CanWest upsizes, firms pricing; Source Interlink adds covenant; Harlan tweaks; Vertrue extends deadline

By Sara Rosenberg

New York, July 2 - CanWest MediaWorks firmed up the upsizings to its term loan tranche and set pricing on its term loan B at the wide end of talk, and Source Interlink Cos. Inc. added a maintenance covenant to its term loan B.

Also in the primary, Harlan Sprague Dawley, Inc. removed the super-priority status from its revolvers, Vertrue Inc. moved the commitment deadline on its credit facility and Bombardier Recreational Products Inc. opted to take its credit facility out of market.

Moving to the secondary, Movie Gallery Inc.'s term loan B was quoted really wide as news of covenant defaults and an evaluation of strategic alternatives hit the market, and LCDX once again ended up weaker on the day.

CanWest MediaWorks has finalized the changes to its credit facility, determining just how much the term loan A and the term loan B are being upsized by and firming up pricing on the term loan B tranche at the high end of guidance, according to a market source.

The term loan A is now sized at C$265 million, up from C$250 million, with pricing remaining in line with initial talk at Libor plus 200 basis points, the source said.

Meanwhile, the term loan B, which is being done in U.S. dollar equivalent, is now sized at C$500 million, up from C$450 million, and pricing is set at Libor plus 200 bps, the wide end of original talk of Libor plus 175 bps to 200 bps, the source continued.
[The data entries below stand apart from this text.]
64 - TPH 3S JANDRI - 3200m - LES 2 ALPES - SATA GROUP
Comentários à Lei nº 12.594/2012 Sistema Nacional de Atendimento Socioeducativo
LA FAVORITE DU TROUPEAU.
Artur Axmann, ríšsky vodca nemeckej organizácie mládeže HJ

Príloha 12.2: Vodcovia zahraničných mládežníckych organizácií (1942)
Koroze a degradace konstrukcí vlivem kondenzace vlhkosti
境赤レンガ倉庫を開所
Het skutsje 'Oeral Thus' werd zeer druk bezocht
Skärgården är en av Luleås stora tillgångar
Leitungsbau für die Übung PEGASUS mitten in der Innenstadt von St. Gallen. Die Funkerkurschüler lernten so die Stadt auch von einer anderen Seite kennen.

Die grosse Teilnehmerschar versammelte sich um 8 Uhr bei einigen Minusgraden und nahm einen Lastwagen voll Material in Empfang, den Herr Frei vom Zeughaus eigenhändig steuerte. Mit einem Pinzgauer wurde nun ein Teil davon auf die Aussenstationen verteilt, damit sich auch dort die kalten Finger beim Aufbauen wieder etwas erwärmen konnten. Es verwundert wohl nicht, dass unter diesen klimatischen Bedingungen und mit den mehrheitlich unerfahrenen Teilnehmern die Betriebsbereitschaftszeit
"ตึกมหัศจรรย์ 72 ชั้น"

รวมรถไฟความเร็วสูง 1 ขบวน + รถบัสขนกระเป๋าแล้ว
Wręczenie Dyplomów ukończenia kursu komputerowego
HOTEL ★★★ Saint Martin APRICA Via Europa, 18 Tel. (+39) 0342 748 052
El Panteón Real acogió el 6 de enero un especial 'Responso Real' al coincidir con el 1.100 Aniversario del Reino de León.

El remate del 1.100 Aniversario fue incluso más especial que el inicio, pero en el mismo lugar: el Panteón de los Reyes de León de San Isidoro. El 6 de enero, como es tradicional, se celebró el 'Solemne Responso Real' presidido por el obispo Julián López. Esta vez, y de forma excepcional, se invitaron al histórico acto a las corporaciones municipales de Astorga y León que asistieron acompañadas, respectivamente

The upsizings were done as a result of the company's decision last week to downsize its bond deal to $400 million from $650 million.

When the bond offering was reduced, it was said that the bank deal could be increased by as much as C$140 million, split between the term loan A and the term loan B. However, the final changes were not decided upon until now.

CanWest's C$1.015 billion (up from C$950 million) credit facility (Ba1/BB-) also includes a C$250 million revolver that is priced at Libor plus 200 bps, with a 52.5 bps unused fee.

With the changes, senior leverage was increased by 0.2 of a turn to 3.2 times and total leverage was reduced by 0.5 a turn to 5.0 times, the source added.

Recommitments are due from lenders on Tuesday at noon.

Scotia Capital is the sole lead bank on the revolver and the term loan A, which are being sold in Canada, and Scotia and Citigroup are joint leads on the term loan B, with Scotia the left lead.

Proceeds will be used to help fund a privatization agreement between CanWest MediaWorks Income Fund and CanWest MediaWorks LP, under which the fund's outstanding units will be redeemed for C$9.00 in cash each.

Closing of the acquisition is expected to occur on or about July 10.

CanWest MediaWorks is a Don Mills, Ont.-based media company.

Source Interlink adds leverage covenant

Source Interlink added a senior secured leverage ratio to its $880 million seven-year term loan B (B1/B+) that was previously covenant-light, according to a market source.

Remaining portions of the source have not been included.